Given information =
************

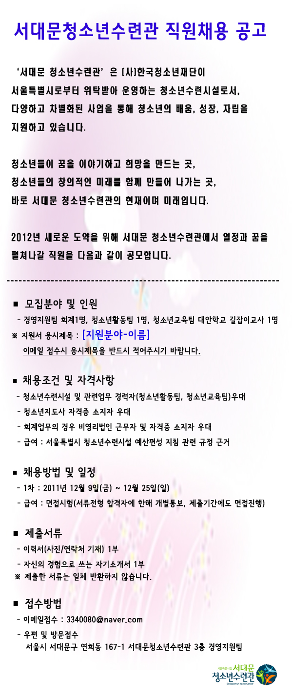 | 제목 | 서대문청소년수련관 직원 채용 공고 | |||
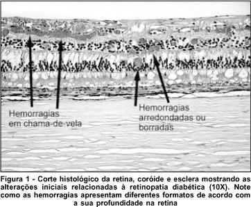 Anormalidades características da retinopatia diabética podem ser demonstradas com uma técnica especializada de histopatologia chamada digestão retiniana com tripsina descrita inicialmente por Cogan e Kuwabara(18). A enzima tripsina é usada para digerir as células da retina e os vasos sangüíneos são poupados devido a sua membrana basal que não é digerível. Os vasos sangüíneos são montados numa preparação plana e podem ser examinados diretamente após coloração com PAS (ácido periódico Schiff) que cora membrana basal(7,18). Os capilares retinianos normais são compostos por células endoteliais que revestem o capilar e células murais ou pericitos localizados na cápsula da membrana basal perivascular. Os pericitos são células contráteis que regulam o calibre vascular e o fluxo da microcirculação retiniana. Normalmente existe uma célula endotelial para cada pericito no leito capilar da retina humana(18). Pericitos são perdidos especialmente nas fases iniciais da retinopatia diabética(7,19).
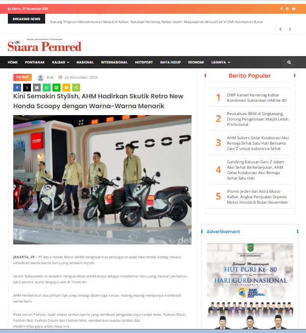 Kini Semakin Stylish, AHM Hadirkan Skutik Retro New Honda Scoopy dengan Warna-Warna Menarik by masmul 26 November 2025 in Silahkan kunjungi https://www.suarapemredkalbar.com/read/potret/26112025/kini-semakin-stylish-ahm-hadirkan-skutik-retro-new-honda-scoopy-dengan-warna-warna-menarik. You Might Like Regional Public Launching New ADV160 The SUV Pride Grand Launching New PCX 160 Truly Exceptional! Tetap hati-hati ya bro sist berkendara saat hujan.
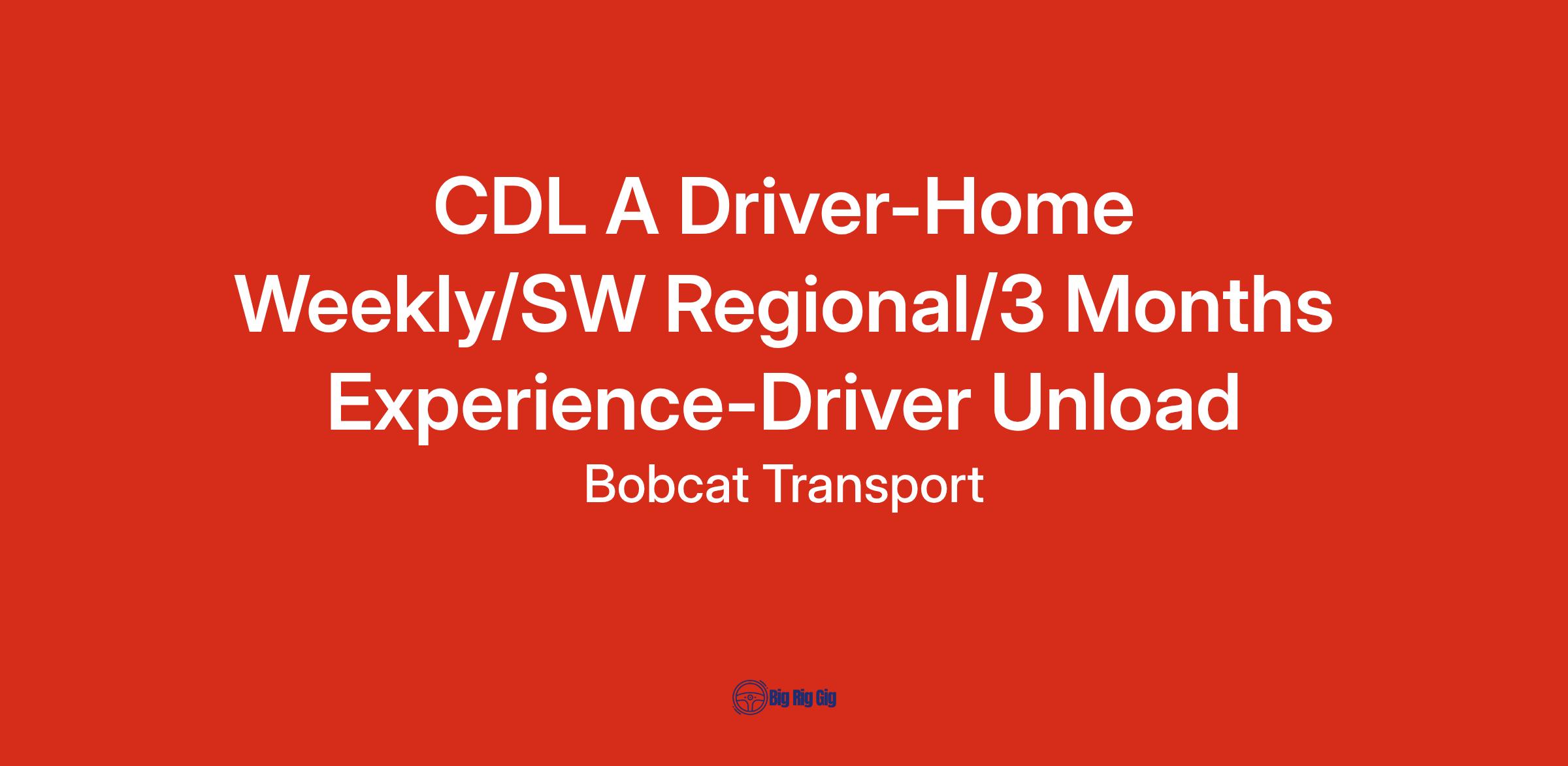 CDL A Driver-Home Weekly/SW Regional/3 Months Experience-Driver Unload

************

Problem to work on = Beginning with the line containing "Kini Semakin Stylish, AHM" and ending with the last line of the data above, repeat each line exactly. Include no pictures and no other lines.

Task response =
 Kini Semakin Stylish, AHM Hadirkan Skutik Retro New Honda Scoopy dengan Warna-Warna Menarik by masmul 26 November 2025 in Silahkan kunjungi https://www.suarapemredkalbar.com/read/potret/26112025/kini-semakin-stylish-ahm-hadirkan-skutik-retro-new-honda-scoopy-dengan-warna-warna-menarik. You Might Like Regional Public Launching New ADV160 The SUV Pride Grand Launching New PCX 160 Truly Exceptional! Tetap hati-hati ya bro sist berkendara saat hujan.
 CDL A Driver-Home Weekly/SW Regional/3 Months Experience-Driver Unload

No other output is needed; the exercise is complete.